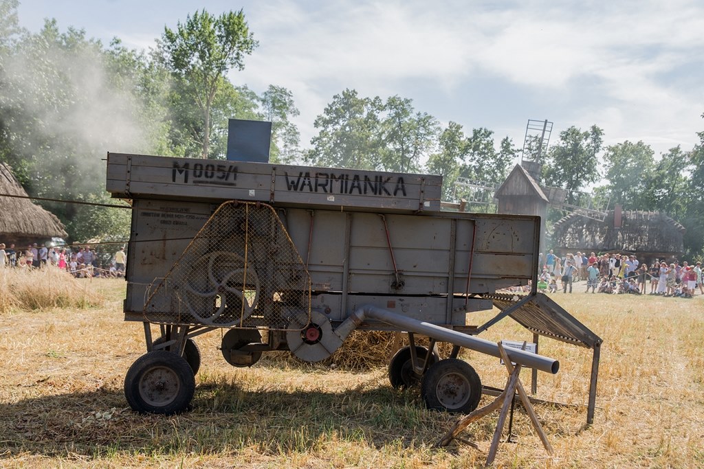 Skoszone zboże jeszcze na polu zostało wymłócone młocarnią napędzaną lokomobilą.
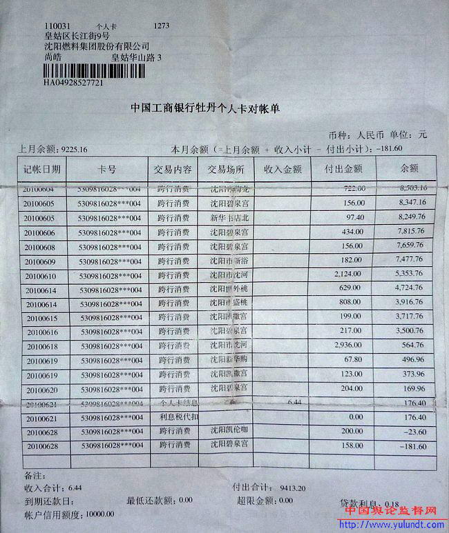 有知情人告诉记者:上图是尚皓一个银行卡2010年6月份一个月份的消费,其中仅洗浴就消费了8000多元,其他的银行卡消费还不算。尚皓去酒店请客用的都是公款,所以另外消费未计在内。
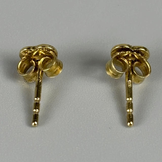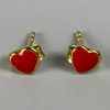 Pair of 9ct Gold Heart shaped earrings red heart centres each approx 4mm across.
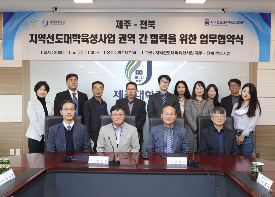 Jeju National University (Lee Dong Cheol, Vice President for Planning and Director) and Chonbuk National University (Yoon Young Sang, Vice President for Planning and Director) Regional Flagship University Development projects have signed the agreement for inter-regional collaborations in personnel, materials and facility sharing/exchange last week (November 6, 2020).
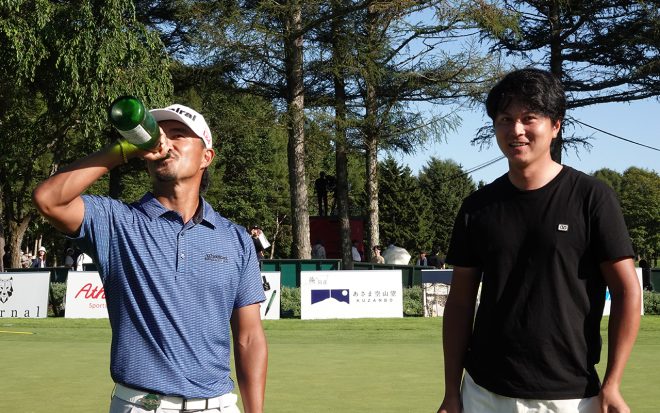 キャディとして小平の勝利に貢献した、市原弘章(右)。市原建彦の弟で、プロゴルファーだ。©Eiko Oizumi
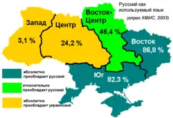 Усилия правительства Украины приносили мало ощутимых краткосрочных результатов, так что фактическое распространение русского языка на Украине за первые 10-15 лет её независимости, по одним данным, не уменьшилось, а по другим, даже увеличилось. Например, в 1989 году на Украине 80 % от общего числа проданных книг составляли книги на русском языке[42], а в 2004 году, если не считать учебники, этот показатель составил 95 %[14]. Фонды библиотек Украины на 60 % состояли из русскоязычной литературы[49]. В тех регионах Украины, где русификация практически приблизилась к 100 %, восстановления украинской среды практически не происходило. Например, в Донецкой области, где последняя украинская школа была закрыта в 1989 году[42], в 2003 году только 4 % учеников обучались на украинском языке[14], а 96 % — на русском. Лишь 2 % фильмов, попавших в прокат на Украине в 2004 году, были на украинском языке[14]. С другой стороны, в области образования наблюдались тенденции к сокращению обучения на русском языке. Например, число детских садов с русским языком обучения снизилось к 2001 году до 22 %, число школ — до 29 %, число студентов, обучающихся на русском языке, — до 22 %[50]. См. также Сужение сферы функционирования русского языка.
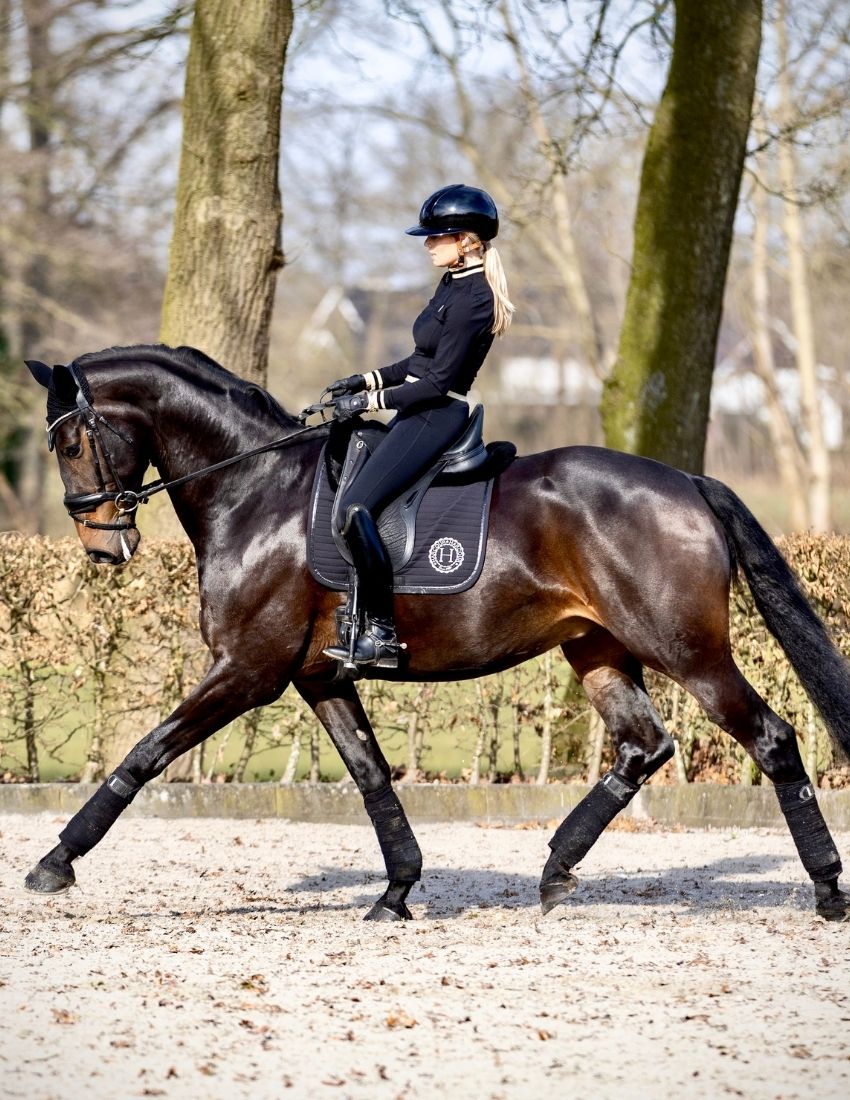 Sanne designed this saddle pad with the aim of bringing calm and confidence to my training sessions with Ernie 🌿
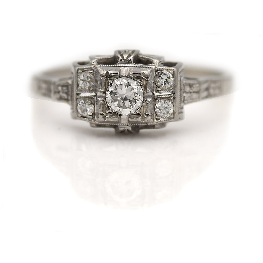 The Buzca ring is an authentic vintage engagement ring from the Art Deco era, circa 1930's. This ring showcases a dynamic .15 carat old European cut diamond residing in a geometric square frame, surrounded by four (4) old European cut diamond accents. Beautifully crafted in 18 kt white gold, and accentuated with delicate milgrain engravings. A timeless and classic Art Deco jewel in very good condition.
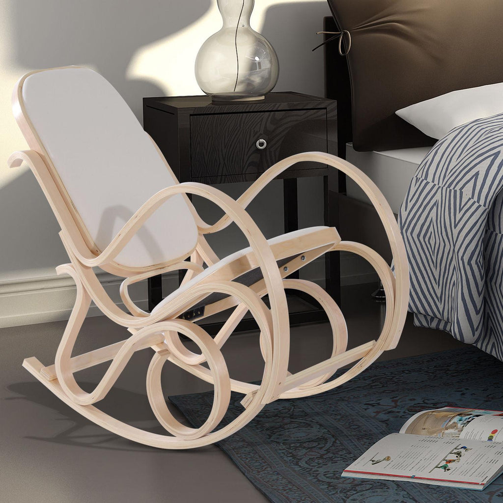Poltrona a Dondolo in Legno Stile Classico Crema
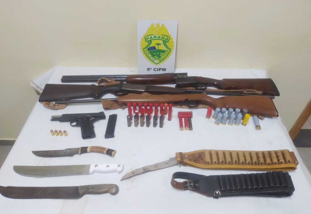 A PM realizou buscas e localizou o veículo. Durante a abordagem foi constatado que o condutor apresentava sinais de embriaguez. Dentro da caminhonete foram encontradas três espingardas e uma pistola calibre 45 milímetros, com um carregador com quatro munições, além de dois cintos cartucheiros, dois facões e uma faca. Os policiais ainda encontraram várias munições acomodas em um saco.
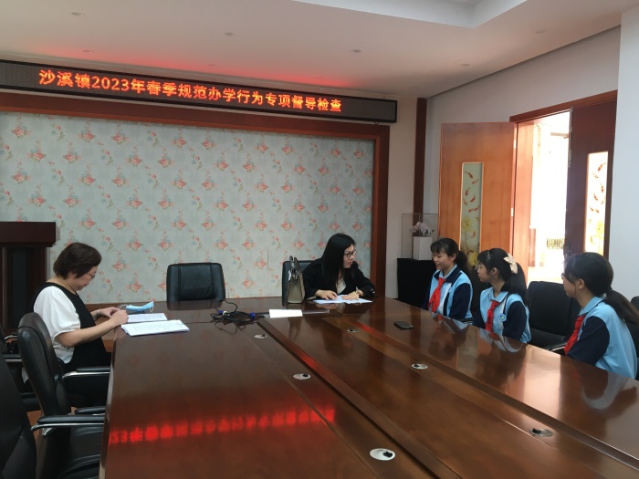 为落实国家“双减”政策要求,加强中小学规范办学行为管理,根据《沙溪镇2023年春季规范办学行为专项督导检查的通知》要求,3月9日上午,由沙溪中学副校长肖林森、申明亭学校主任黄枚玉、濠涌小学主任雷艳组成的沙溪镇规范办学专项督导检查组,到龙瑞小学开展2023年春季规范办学行为专项督导检查。龙瑞小学高玉璇校长、杨飞羽副校长接待了督导检查组成员。
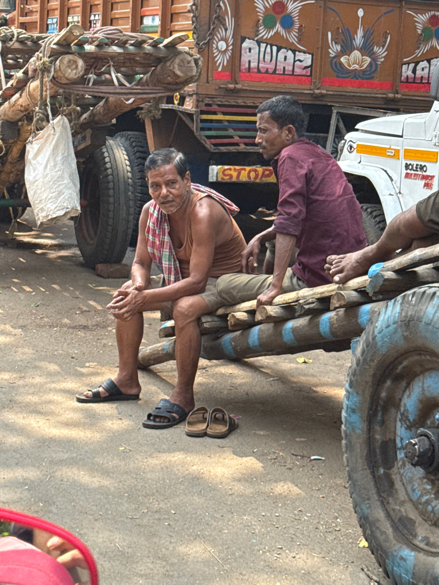 Two men stand beside a loaded truck in Kolkata, India. The truck's cargo and frame are constructed of wood, secured with chains. Tires are stacked behind the seated man, while another large tire is vi…read more

- _How to complete this task_:
Using the data above, print only the lines starting at the one with "キャディとして小平の勝利に貢" and ending at the one with "Sanne designed this", exactly as they stand, minus the pictures.

- _Written solution_:
 キャディとして小平の勝利に貢献した、市原弘章(右)。市原建彦の弟で、プロゴルファーだ。©Eiko Oizumi
 Усилия правительства Украины приносили мало ощутимых краткосрочных результатов, так что фактическое распространение русского языка на Украине за первые 10-15 лет её независимости, по одним данным, не уменьшилось, а по другим, даже увеличилось. Например, в 1989 году на Украине 80 % от общего числа проданных книг составляли книги на русском языке[42], а в 2004 году, если не считать учебники, этот показатель составил 95 %[14]. Фонды библиотек Украины на 60 % состояли из русскоязычной литературы[49]. В тех регионах Украины, где русификация практически приблизилась к 100 %, восстановления украинской среды практически не происходило. Например, в Донецкой области, где последняя украинская школа была закрыта в 1989 году[42], в 2003 году только 4 % учеников обучались на украинском языке[14], а 96 % — на русском. Лишь 2 % фильмов, попавших в прокат на Украине в 2004 году, были на украинском языке[14]. С другой стороны, в области образования наблюдались тенденции к сокращению обучения на русском языке. Например, число детских садов с русским языком обучения снизилось к 2001 году до 22 %, число школ — до 29 %, число студентов, обучающихся на русском языке, — до 22 %[50]. См. также Сужение сферы функционирования русского языка.
 Sanne designed this saddle pad with the aim of bringing calm and confidence to my training sessions with Ernie 🌿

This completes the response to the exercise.